As an extension of his own locally famous work, this year Picozzi encouraged everyone in Warwick to put up holiday lights, and put them up early. My aunt did, and so did an overwhelming number of her neighbors. Her own decorations included big colored light bulbs wrapped around the evergreen in her front yard and icicle-style string lights lining her porch. The colored lights were an annual nod to her and my father’s family decorations growing up. The icicle lights were my aunt’s adult addition to her childhood Christmas memories.
There’s an important universality to lighting displays. Not everyone celebrates a specific holiday, but all can appreciate seasonal lights and decorations. So many yards and windows radiate joy this time of year with different combinations of white, green, blue, or red string lights, or inflatable snow globes, or simple spotlights. The medley of decorations represents distinct meanings among individuals, families, and neighborhoods.
Winter lights historically and contemporarily maintain significance across cultural traditions. In the United States, the practice of stringing holiday lights outdoors developed after WWII as fantastical celebrations of post-war economic successes. The idea was an extension of lighted Christmas trees, while the luminary celebration of the modern holiday season developed from pagan festivals of the winter solstice. Biblically, the birth of Christ is marked by the appearance of a new, bright star. Jewish Hanukkah, celebrated in this same season, is also termed the “Festival of Lights.” Throughout the world, secular light festivals in each hemisphere’s winter months are growing increasingly popular. In the midst of the pandemic, viewing lights sitting in a car or standing safely distanced outside remains a low-risk activity.
Holiday lighting displays are also a powerful form of normalcy in a profoundly abnormal time. On Dec. 9 at 5 p.m., Georgetown President John DeGioia will be hosting a live Virtual Tree Lighting ceremony. The virtual spin on the annual event, which will still feature acapella holiday performances and a reading of “A Christmas Carol,” can be livestreamed on the university Facebook Page.
COVID-19 has attacked communities everywhere. With recent positive news of vaccine efficacy rates and subsequent distribution plans, for the first time, there seems to be a light at the end of the tunnel. Still, there are months of isolation and a long winter ahead. The pandemic in the U.S. is the worst it has been, and the next few months will put a strain on everyone, making it that much more important to build and maintain community bonds. This holiday season, consider stringing some lights in your window for neighbors. It may help remind us all that we’re still here, united together while apart.
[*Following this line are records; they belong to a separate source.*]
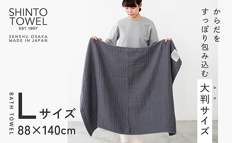 099H3947 SHINTO TOWEL「2.5重ガーゼ・バスタオル」Lサイズ(チャコール)オーガニックコットン100%
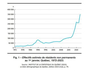 Cependant, c’est sur le plan de l’immigration temporaire que nous assistons à une véritable explosion du nombre de personnes immigrantes depuis quelques années. En 2022, elles étaient au nombre de 86 000, portant l’effectif total présent au Québec à 346 0003 au 1er janvier 2023 (voir figure 1).
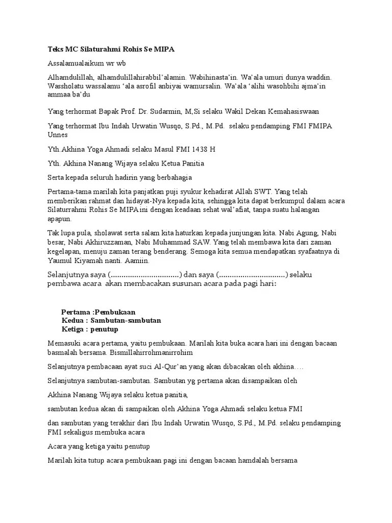 Contoh teks mc acara keagamaan. Sahabat kbi pasti sering bukan hadir dalam sebuah acara, baik itu acara formal maupun acara informal. Contoh teks mc singkat berbagai acara formal dan . Bermain game bersama · 3. Berikut referensi teks mc pada acara formal. Kumpulan naskah mc non formal mc acara resmi kantor naskah mc non formal lucu naskah pembawa acara lomba nyanyi pembukaan mc. Beranda materi organisasi 5 contoh susunan acara singkat rapat perpisahan . Yang kami hormati bapak kh ahmad hasan. Contoh naskah mc seminar formal. Berikut merupakan contoh referensi teks mc pernihakan singkat dan jelas. Kumpulan teks mc acara webinar terbaik. 30112020 contoh teks mc singkat acara formal dan non formal perpisahan sekolah pengajian maulid nabi hari pahlawan 17 agustus peringatan hari ibu formal dan . Dalam sebuah acara, pasti terdapat .
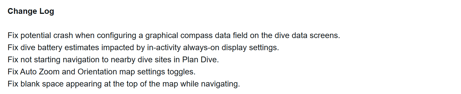 La actualización de la versión 19.50 aporta una serie de correcciones de errores a estos wearables. En primer lugar, Garmin ha solucionado un posible problema de bloqueo que se producía cuando los usuarios intentaban configurar el campo de datos de la brújula gráfica situado en las páginas de datos de inmersión. Algunos usuarios del ordenador de buceo Descent Mk3 han visto un espacio en blanco cerca de la parte superior del mapa al navegar; este problema se ha resuelto. En las notas de la versión se indica que se ha rectificado una imprecisión con las estimaciones de la batería de inmersión, relacionada con el modo de pantalla siempre activa.

In the return to class after Thanksgiving, my theology professor, Dale Irvin, kindly asked the class how the holiday had been. He then shared that he, too, had been encouraged to put up his Christmas lights over the holiday weekend, having seen some of his neighbors do the same. “At least people are putting up Christmas lights in this neighborhood, so it feels like a bit of community,” Irvin said.
As this tumultuous year comes to an end and the darkness of the pandemic winter looms, the lights in 2020 can illuminate universal meanings: the strength of communities and even hope.